[Collection entries]
━━━━━━━━━━━━━━━━━━━━

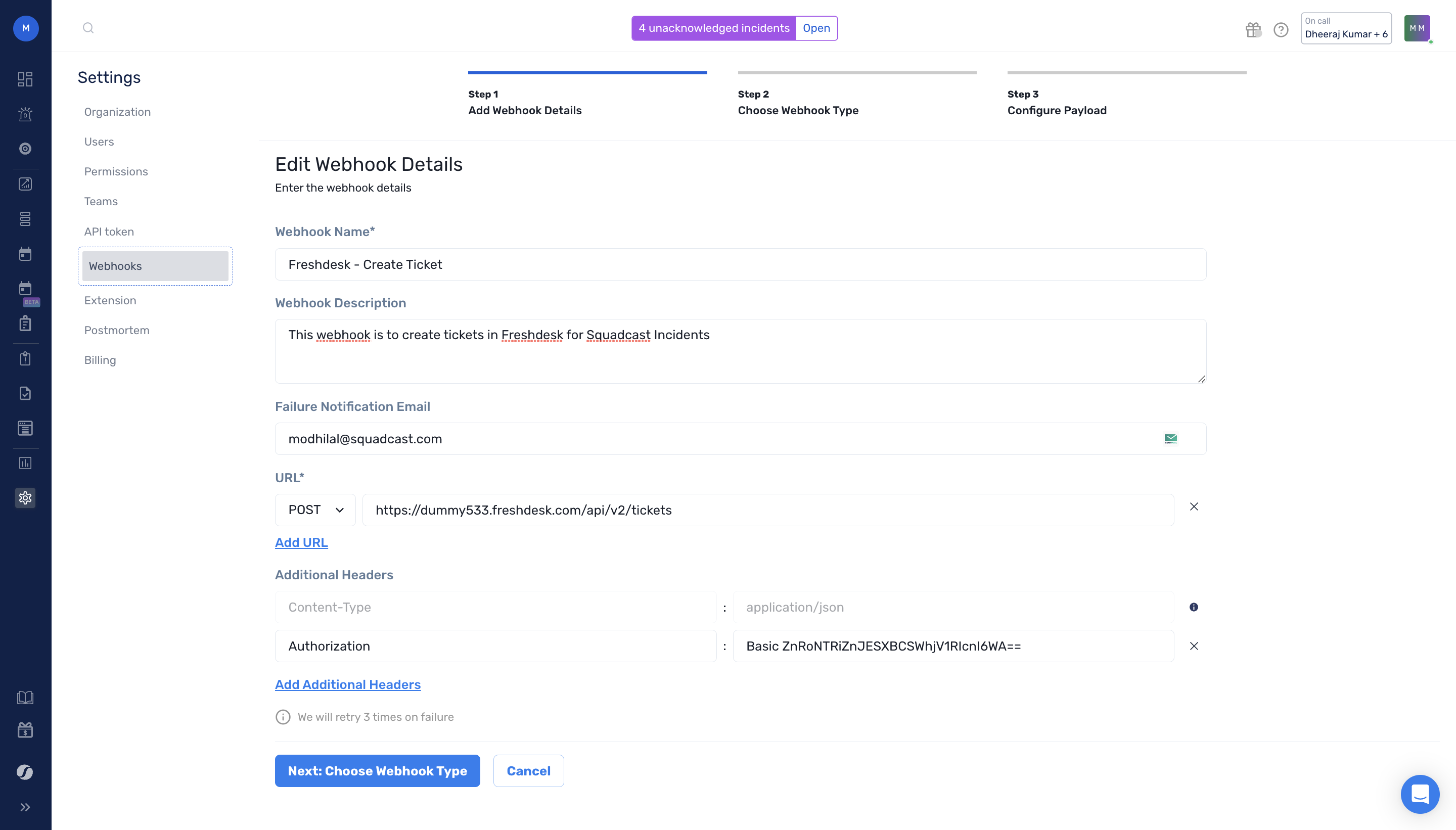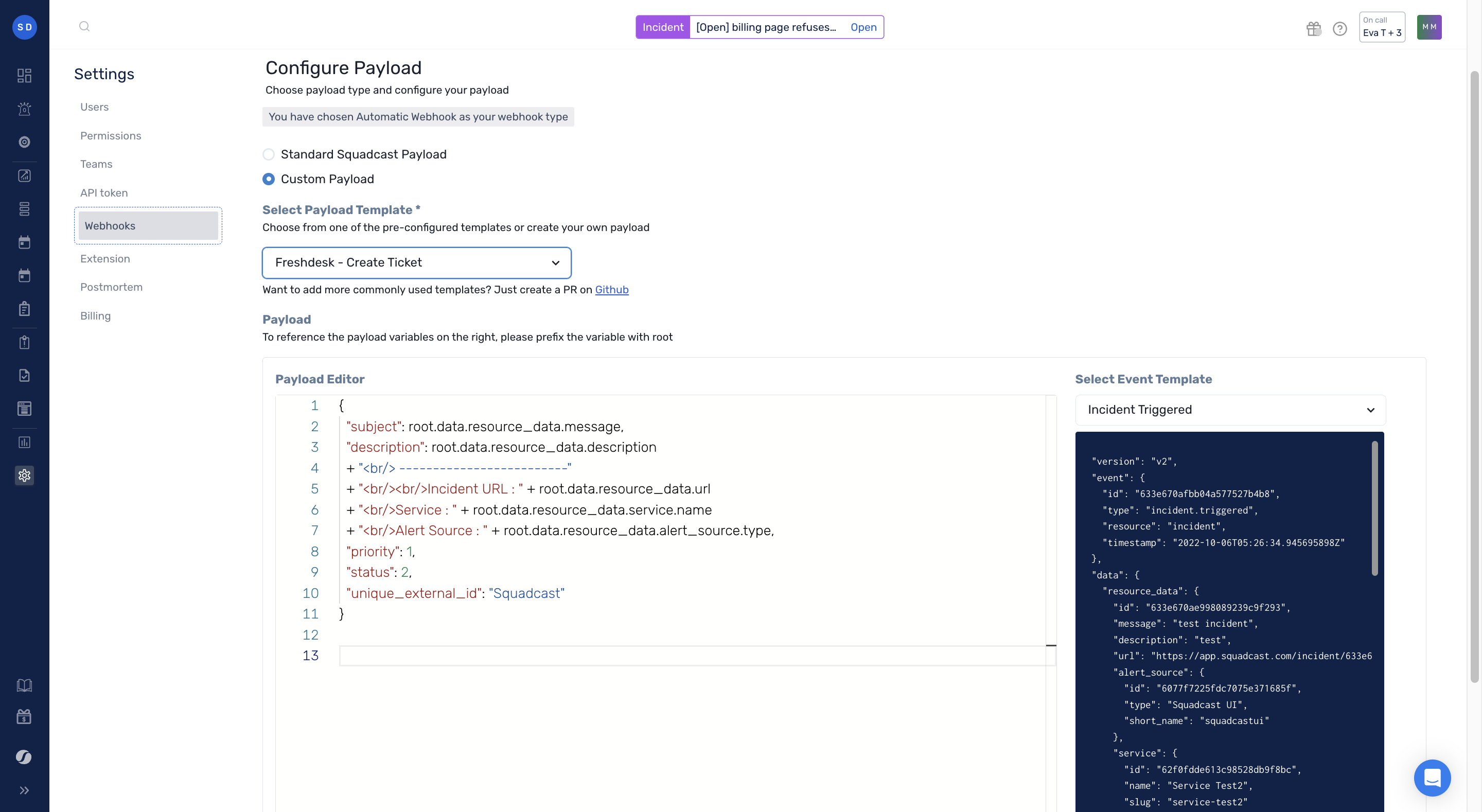 ## Using Webhooks to create Freshdesk tickets for Squadcast Incidents
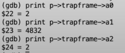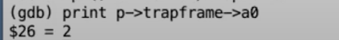 注:这里有点绕,本质就是通过当前的a0寄存器找出 trapframe, 再找出存放在 trapframe 中的原本的 a0 寄存器的值
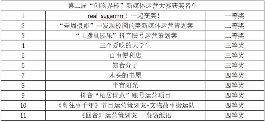 至此,第二届“创物界杯”新媒体运营大赛圆满结束。新创基地由衷祝贺本次比赛获奖的同学,也期望未来可以有更多的同学参与到我们的赛事,投身于新媒体的学习与建设当中。各位新媒体人,我们下次再会。
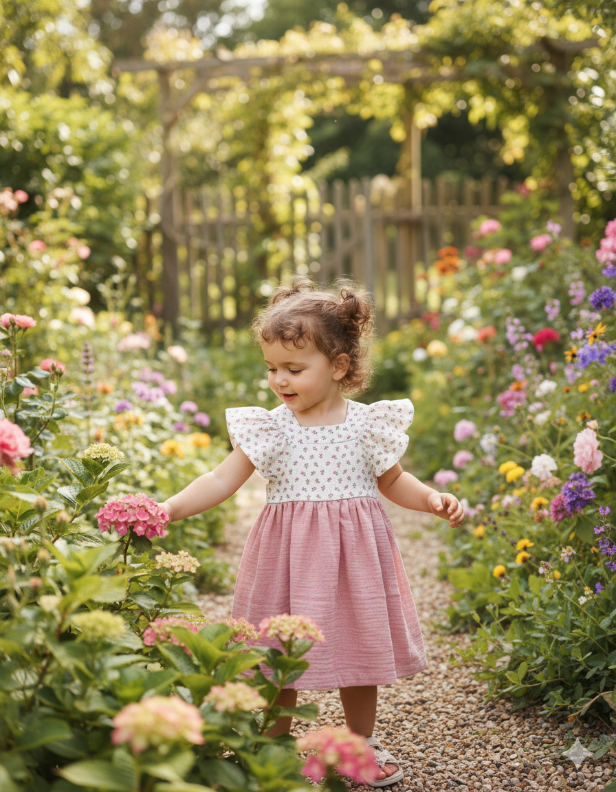 Vestido em musselina rosa com folhos em algodão com motivo floral.
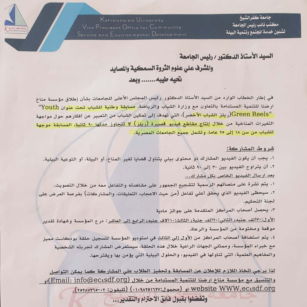 اعلان عن مسابقة وطنية للشباب تحت عنوان "youth green reels" ( ريلز الشباب الاخضر)
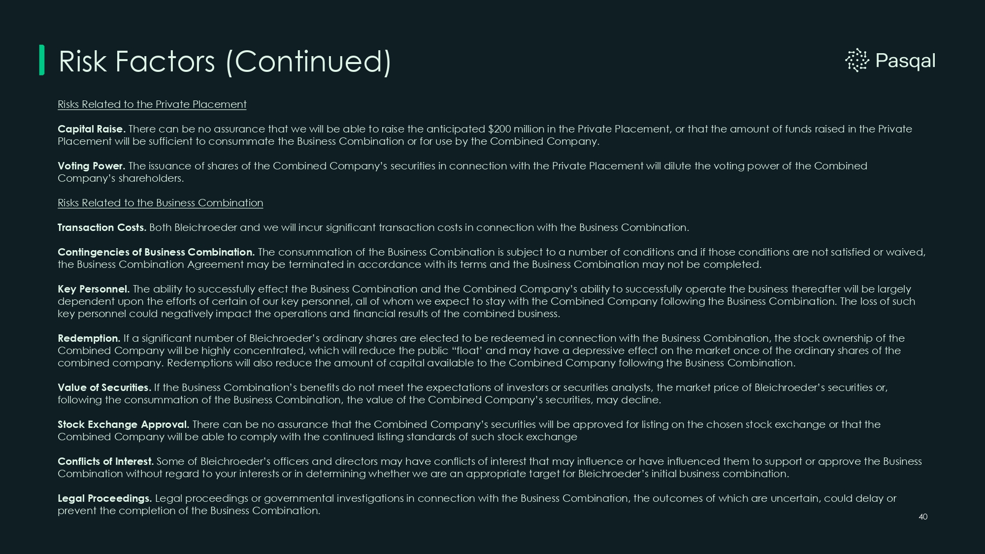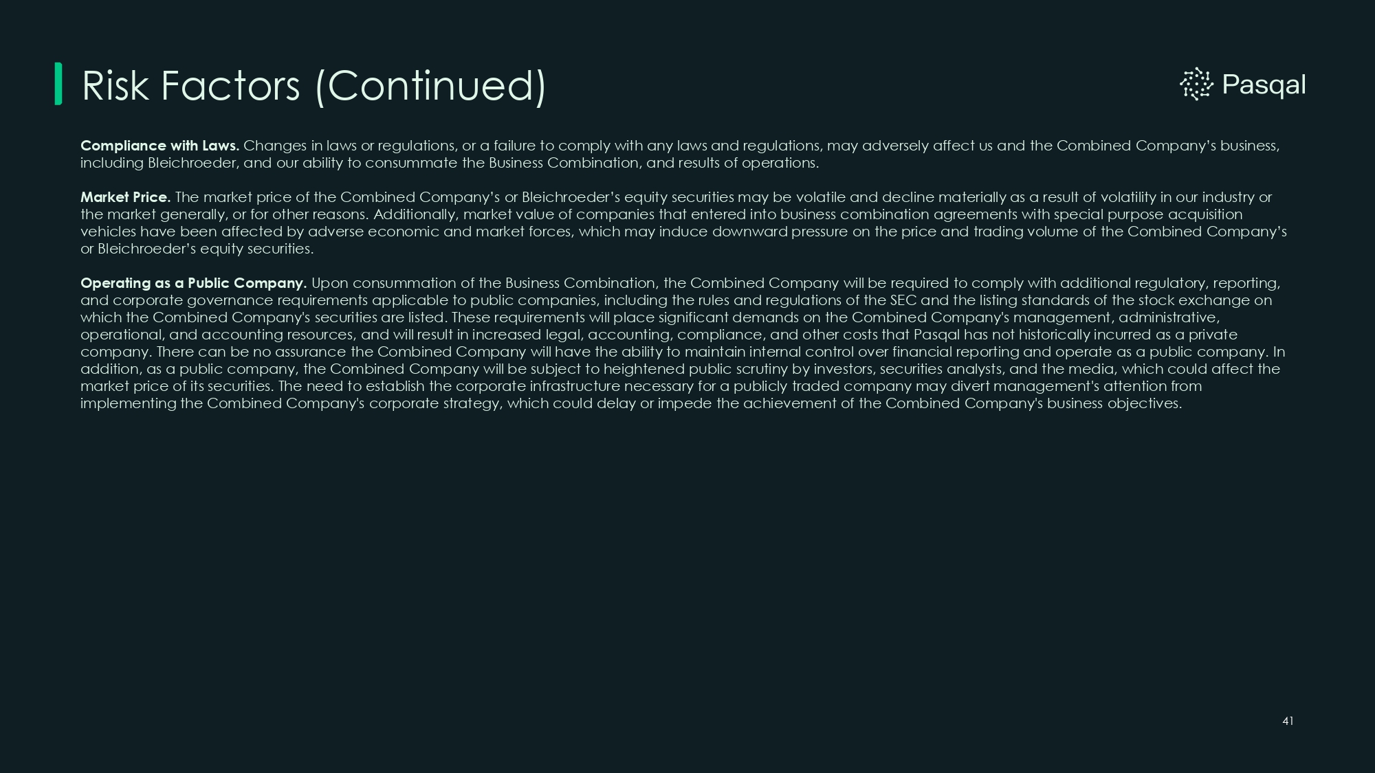 Risk Factors (Continued) 41 Compliance with Laws. Changes in laws or regulations, or a failure to comply with any laws and regulations, may adversely affect us and the Combined Company’s business, including Bleichroeder, and our ability to consummate the Business Combination, and results of operations. Market Price. The market price of the Combined Company’s or Bleichroeder’s equity securities may be volatile and decline materially as a result of volatility in our industry or the market generally, or for other reasons. Additionally, market value of companies that entered into business combination agreements with special purpose acquisition vehicles have been affected by adverse economic and market forces, which may induce downward pressure on the price and trading volume of the Combined Company’s or Bleichroeder’s equity securities. Operating as a Public Company. Upon consummation of the Business Combination, the Combined Company will be required to comply with additional regulatory, reporting, and corporate governance requirements applicable to public companies, including the rules and regulations of the SEC and the listing standards of the stock exchange on which the Combined Company's securities are listed. These requirements will place significant demands on the Combined Company's management, administrative, operational, and accounting resources, and will result in increased legal, accounting, compliance, and other costs that Pasqal has not historically incurred as a private company. There can be no assurance the Combined Company will have the ability to maintain internal control over financial reporting and operate as a public company. In addition, as a public company, the Combined Company will be subject to heightened public scrutiny by investors, securities analysts, and the media, which could affect the market price of its securities. The need to establish the corporate infrastructure necessary for a publicly traded company may divert management's attention from implementing the Combined Company's corporate strategy, which could delay or impede the achievement of the Combined Company's business objectives.
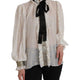 Gorgeous brand new with tags, 100% Authentic Dolce & Gabbana women’s white ascot collar silk blouse ruffled top.
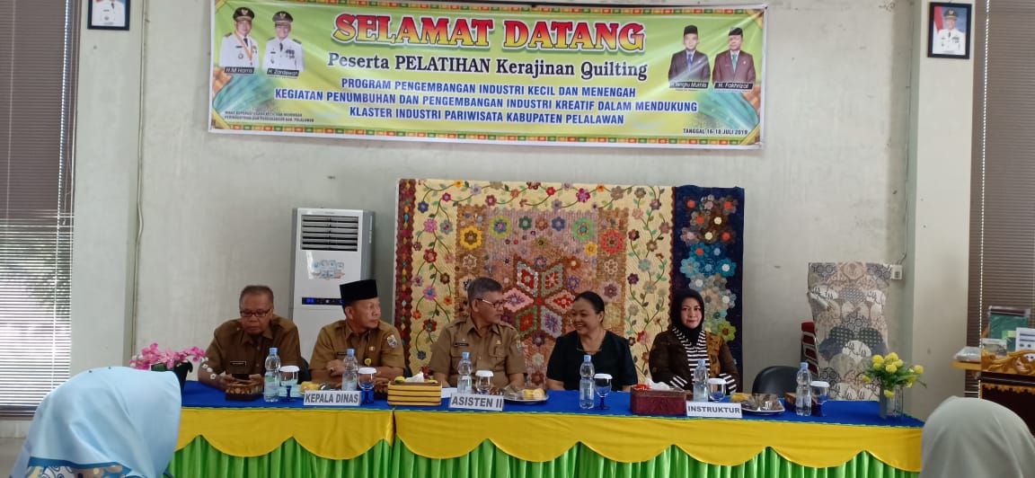 PANGKALANKERINCI (MR) - Dinas Perindustrian Perdagangan, Pasar Koperasi dan UMKM Kabupaten Pelalawan, Riau, melaksanakan kegiatan pelatihan kerajinan quilting, bertempat di gedung PLUT KUMKM, Pangkalan Kerinci, Selasa (16/07).
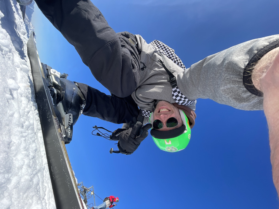 This image, captured in Katun Bačko brdo, Montenegro, presents a snowy mountain environment under a clear blue sky. The primary subject is a male individual in the foreground, positioned in a low, crouching stance, seemingly taking a selfie with the camera pointed upward. The upper portion of his arm, clothed in a grey sleeve, is visible at the top of the frame. He wears a grey hooded sweatshirt accented with a black and white checkered pattern along the shoulders and hood. A bright green ski helmet with dark reflective goggles pushed up covers his head, while dark reflective sunglasses obscure his eyes. He displays a broad, open-mouthed smile, looking directly at the camera. His attire includes black ski pants, black ski gloves, and black Salomon brand ski boots attached to skis, which are partially visible on the snow in the lower portion of the frame. His gloved right hand is positioned near his face, with two fingers extended. An earbud cord is visible dangling from his right glove. In the mid-ground, to the right, a second individual in a red jacket stands on or adjacent to a metallic structure, possibly a ski lift component, looking away from the camera. The distant background reveals snow-covered mountain peaks beneath the bright sky.
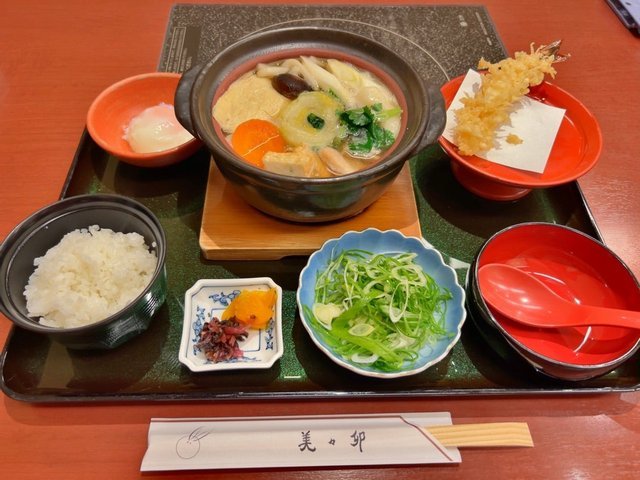 京都駅、京都伊勢丹百貨店レストラン街にある大阪を代表する老舗『美々卯』。大阪郷土料理「うどんすき」のパイオニアで、それが楽しめる貴重なお店。付属の料理にも和食店らしい丁寧さがうかがえ、うどんとは言え日本料理の趣きを感じさせる上品さが魅力。
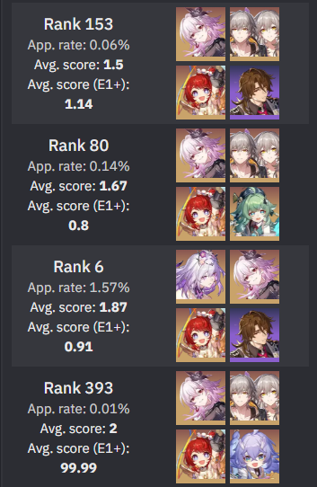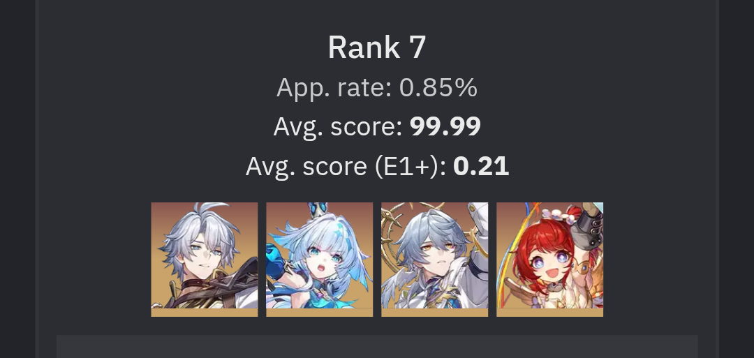 >>5676719 Там отдельно показывает е1+ скор. По той же Фуги у которой минимум 3 команды вообще 0 результатов. >>5676723 Там даже 0.1% показывает команды, ещё меньше чем 0.1?
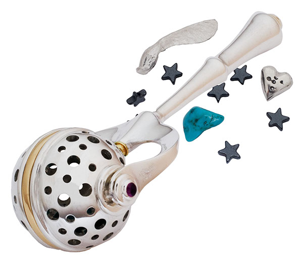 Heirloom Baby Rattle #2, 1999, Detail of contents of the ball for this rattle. Silver, Gold, Gemstones.
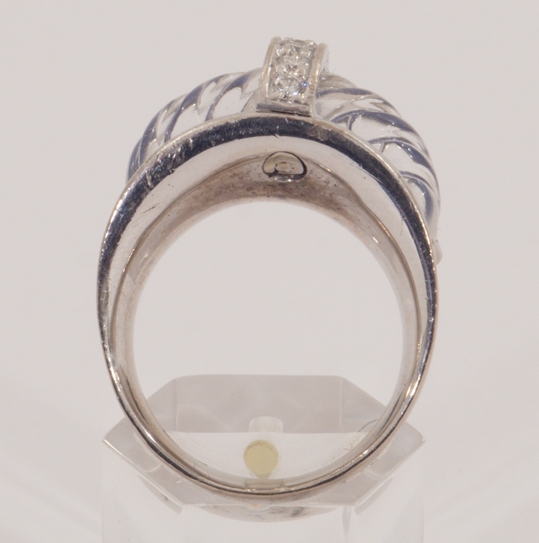 Ein eleganter Diamantring in 18 Karat(750/1000) Weißgold. Ausgefasst mit acht Diamanten, Bergkristall und blauem Email.
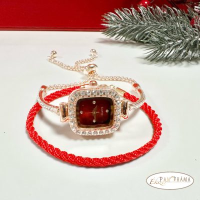 Ajándékcsomag - Ékszeróra Gold Filled zsinóros karkötővel, piros színben
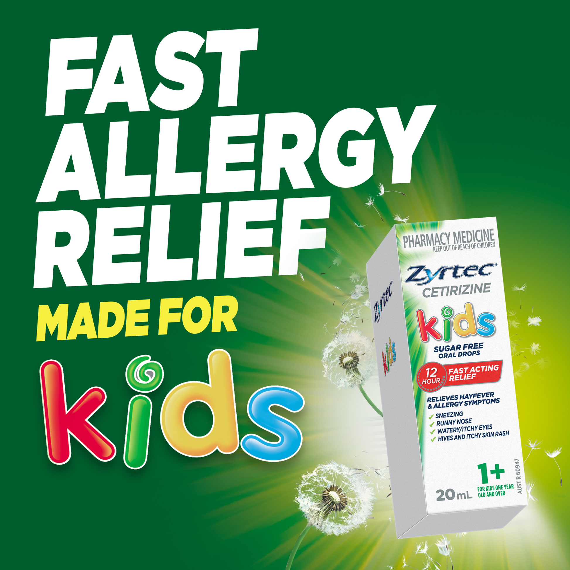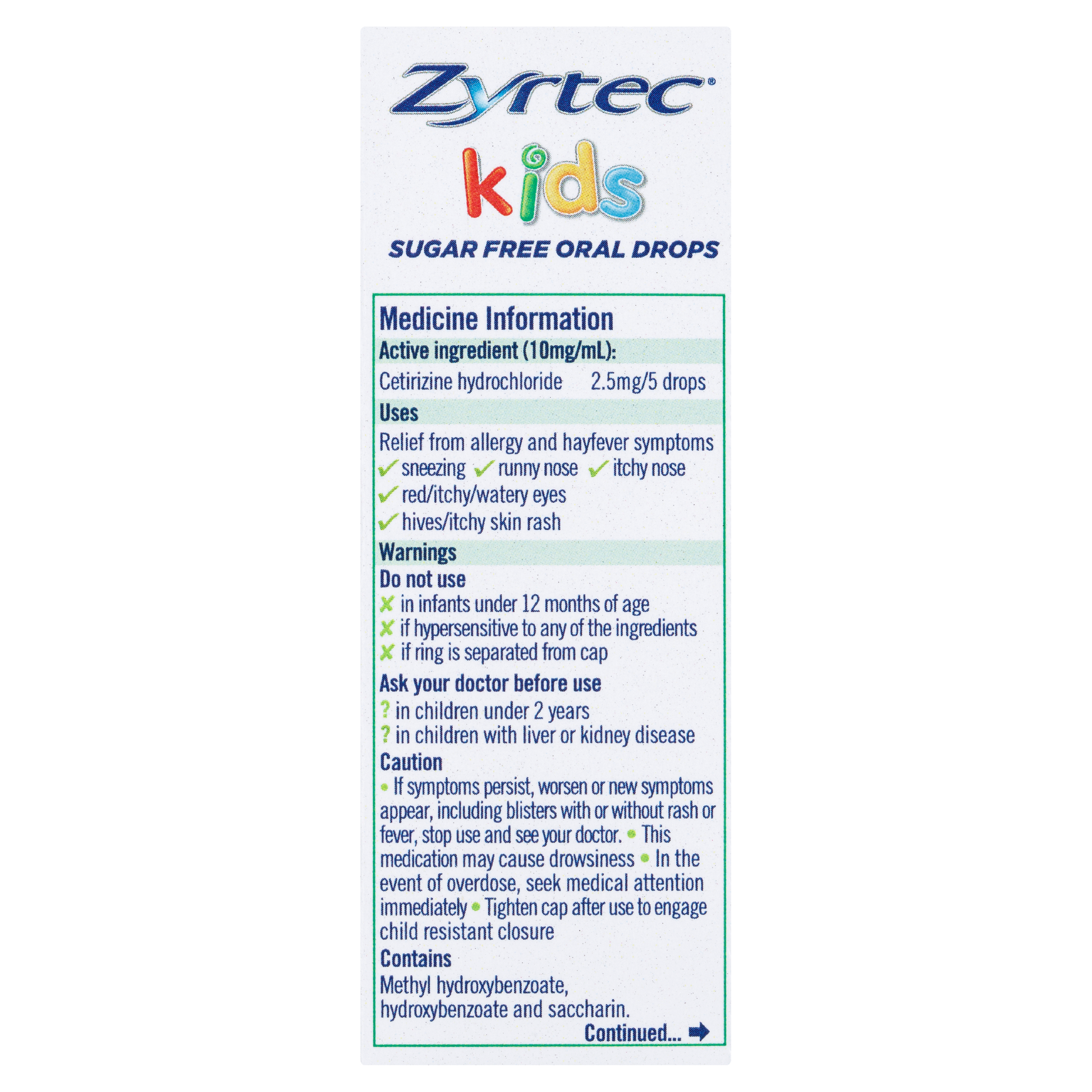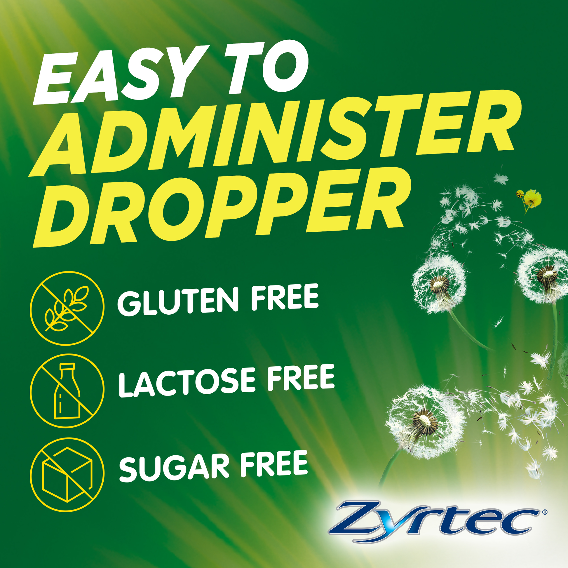 Zyrtec Kids Rapid Acting 12 hour Allergy & Hayfever Relief Antihistamine Oral Drops relieve hayfever & year around allergy symptoms, and are sugar, lactose and gluten free. Zyrtec Kids Oral Drops are suitable for children 1+.

━━━━━━━━━━━━━━━━━━━━

DIRECTIONS: From the first line above down to the line with "اعلان عن مسابقة", reproduce every line and no others, omitting pictures.

RESPONSE FOR THIS EXERCISE:
 ## Using Webhooks to create Freshdesk tickets for Squadcast Incidents
 注:这里有点绕,本质就是通过当前的a0寄存器找出 trapframe, 再找出存放在 trapframe 中的原本的 a0 寄存器的值
 至此,第二届“创物界杯”新媒体运营大赛圆满结束。新创基地由衷祝贺本次比赛获奖的同学,也期望未来可以有更多的同学参与到我们的赛事,投身于新媒体的学习与建设当中。各位新媒体人,我们下次再会。
 Vestido em musselina rosa com folhos em algodão com motivo floral.
 اعلان عن مسابقة وطنية للشباب تحت عنوان "youth green reels" ( ريلز الشباب الاخضر)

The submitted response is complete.